UC Berkeley

The need for alternative, renewable fuels has driven a resurgence in biofuel research, particularly from non-food crop materials. The production of fuels from lignocellulosic biomass, such as Miscanthus, creates new opportunities for engineering microorganisms and developing advanced fermentation strategies. As a member of the Energy Bioscience Institutes, my thesis focuses on studying and alleviating toxicity of biofuels and hydrolysate to fuel-producing microorganisms.
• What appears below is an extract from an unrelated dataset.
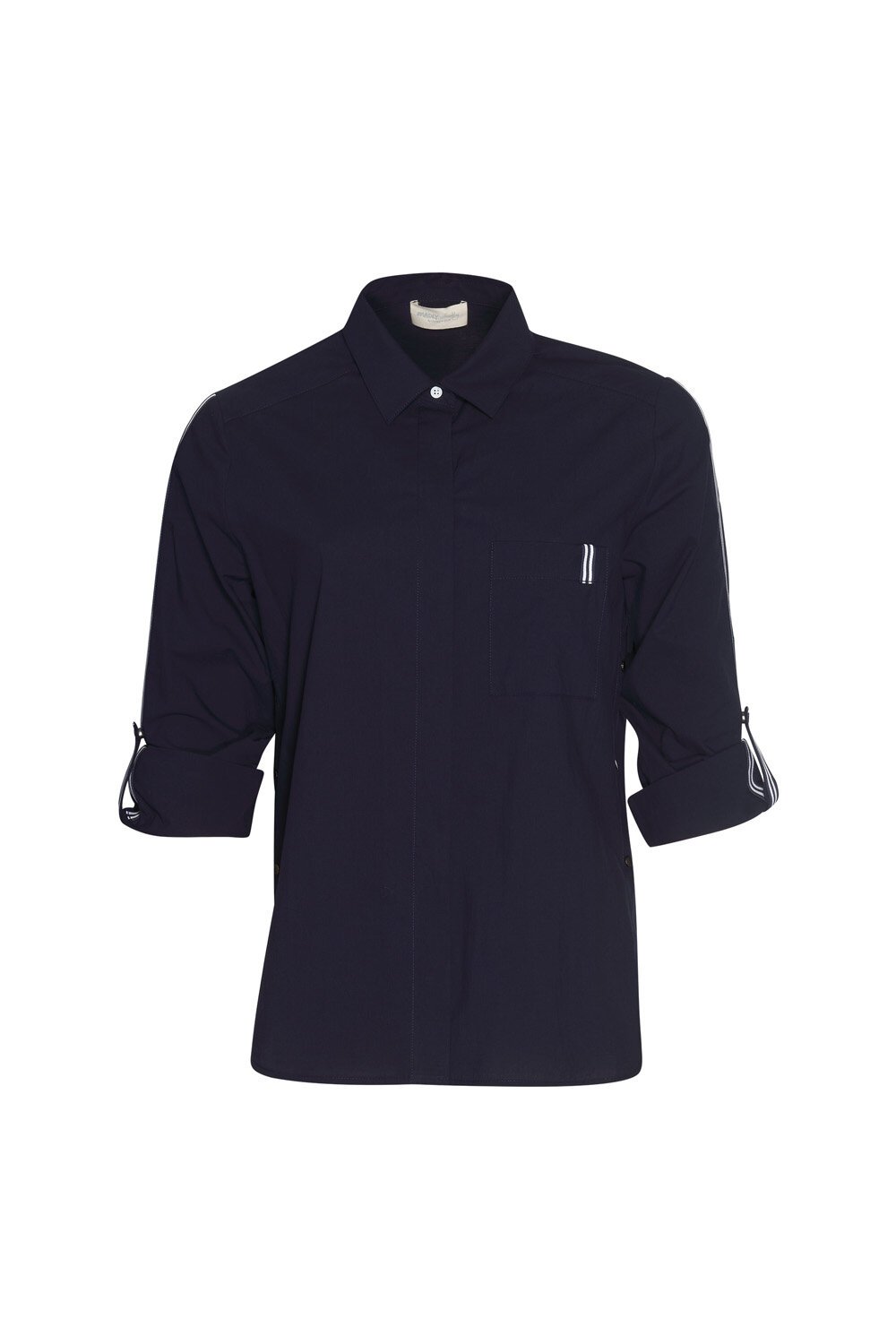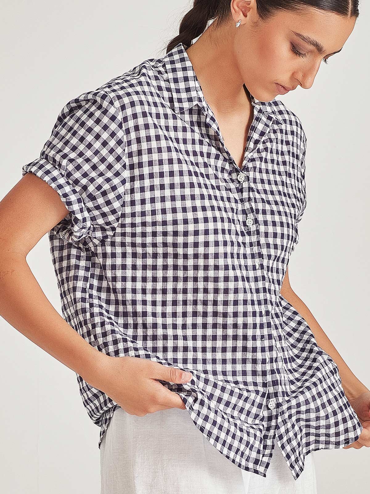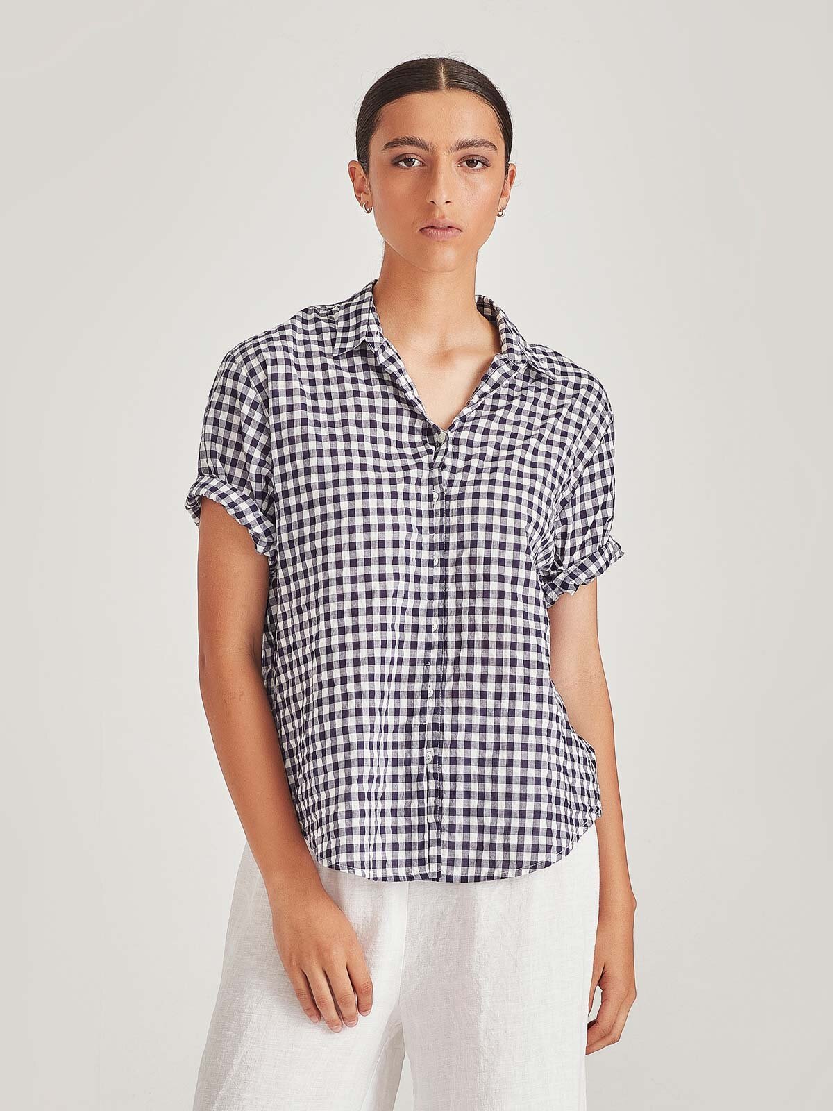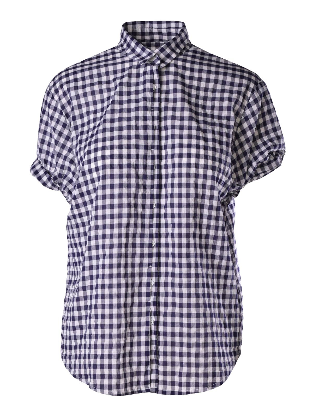 SIZE ON TAG: 14FITS LIKE: 14COLOUR: Navy blue, whiteFABRIC: 98% cotton, 2% polyurethaneCONDITION: Excellent prelovedMEASUREMENTS:BUST: 65cms WAIST: 64cms LENGTH: 67cmsNOTES: Our Ginsberg Shirt is a proven winning...

As biofuels (i.e., short- and long-chain alcohols) intercalate into the membrane, they are thought to increase membrane fluidity, decrease the membrane potential for pH control, and denature transmembrane proteins. The organism uses various mechanisms, such as changes in lipid composition and increased expression of chaperones, to respond to the stress. Previous research has indicated that membrane properties, particularly fluidity and lipid composition, are responsible for a microorganism's tolerance to alcohols. To address membrane integrity as a function of inhibitor (ethanol, n-butanol, or isobutanol) concentration, we studied the growth, lipid composition, and membrane fluidity of yeasts, archaea, and bacteria. The specific growth rates of each organism decreased with increasing alcohol concentrations; however, the growth rates of some organisms decreased much less than others over the range of alcohol concentrations tested. The lipid composition of organisms grown in an amount of alcohol that inhibited growth by 50% and 85% was analyzed for changes in unsaturated to saturated lipid ratios (or branched to unbranched ratios for organisms that do not produce unsaturated lipids). Using fluorescence anisotropy techniques, the membrane fluidity of whole cells was tested in different concentrations of inhibitors. No clear correlations between growth rates, lipid composition, and membrane fluidity could be established. Instead, each organism responded to the presence of alcohols differently, indicating that lipids may play a less prominent role in alcohol tolerance than previously thought. Understanding how alcohols affect cellular machinery, including proteins within the membrane, will provide greater insight into how microorganisms respond to alcohols.

The breakdown of lignocellulose for biofuel production often requires high temperature and chemical pretreatment, releasing lignin monomers and degraded sugar products that inhibit cell growth. These inhibitors, such as furfural, acetic acid, and 5-hydroxymethyl furfural, negatively impact cell metabolism and biofuel production. While the tolerance to these and other individual compounds by Saccharomyces cerevisiae has been studied previously, tolerance levels fail to transfer to real hydrolysates that contain combinations of these inhibitors. To gain insight into the complex phenotype of hydrolysate tolerance, experimental evolution was used to improve inhibitor tolerance and biofuel production of S. cerevisiae in the presence of liquor from dilute-acid pretreated Miscanthus. To improve tolerance towards liquor, S. cerevisiae was grown in continuous culture with increasing concentrations of liquor in the feed medium (up to 85% (v/v) before washout occurred). Tolerant mutants were isolated from the continuous culture for genomic re-sequencing to identify mutations that confer liquor tolerance. The results from this study provide insights into the complex phenotype of hydrolysate tolerance, and will be used to improve the tolerance of biofuel-producing yeast strains.